In dem Erweiterungsbericht spricht die Kommission daher noch keine Empfehlung für Beitrittsverhandlungen aus, sondern stellt diese nur in Aussicht. Sie begrüßt die Reformvorschritte, die die bosnische Regierung in diesem Jahr gemacht hat. Explizit erwähnt sie Strategien gegen organisiertes Verbrechen, Geldwäsche und Terror. Auch das Justizsystem sei verbessert worden.

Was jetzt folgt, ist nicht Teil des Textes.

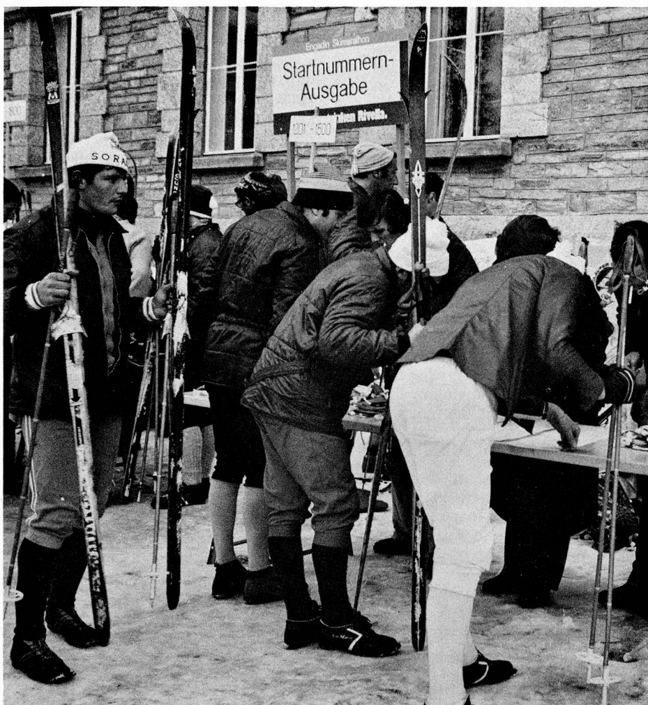
The marathon contestants report to collect their starting numbers.

Langlauf- und Skiwanderschule St. Moritz 7500 St. Moritz/Switzerland Tel: (082) 3 62 33

Allerdings weist sie auch auf „negative Entwicklungen“ in der Republika Srpska hin. Die mehrheitlich von Serben bewohnte Region, die rund die Hälfte des bosnischen Staatsgebiets ausmacht, erkennt wichtige gesamtstaatliche Institutionen wie das Verf assungsgericht nicht an. Die Reformauflagen seien deshalb noch nicht ausreichend erfüllt, heißt es in dem Bericht.
Die Kommission wollte dennoch ein positives Signal an die Bevölkerung auf dem Westbalkan senden. Deshalb fand sie die Kompromissformulierung, dass man Beitrittsverhandlungen aufnehmen werde, sobald es weitere Reformfortschritte gebe. Das hat vor allem einen politischen Grund: Wenn die EU eine Empfehlung für Ukraine und Moldau ausspricht, muss es auch eine Geste Richtung Westbalkan geben, so das Kalkül.
Insgesamt gibt es acht EU-Beitrittskandidaten: Neben der Ukraine, Moldau und Bosnien-Herzegowina sind dies Albanien, Nordmazedonien, Serbien, Montenegro und die Türkei. Noch keinen offiziellen Kandidatenstatus haben die Bewerberländer Kosovo und Georgien.
Beitrittsverhandlungen laufen bisher mit der Türkei (seit 2005), Montenegro (seit 2012) und Serbien (seit 2014). Die Gespräche mit der Türkei sind jedoch wegen der autoritären Entwicklung unter Präsident Recep Tayyip Erdogan ausgesetzt, auch die Verhandlungen mit Serbien stocken seit Jahren. Der aktuelle Favorit, das 28. EU-Land zu werden, ist Montenegro.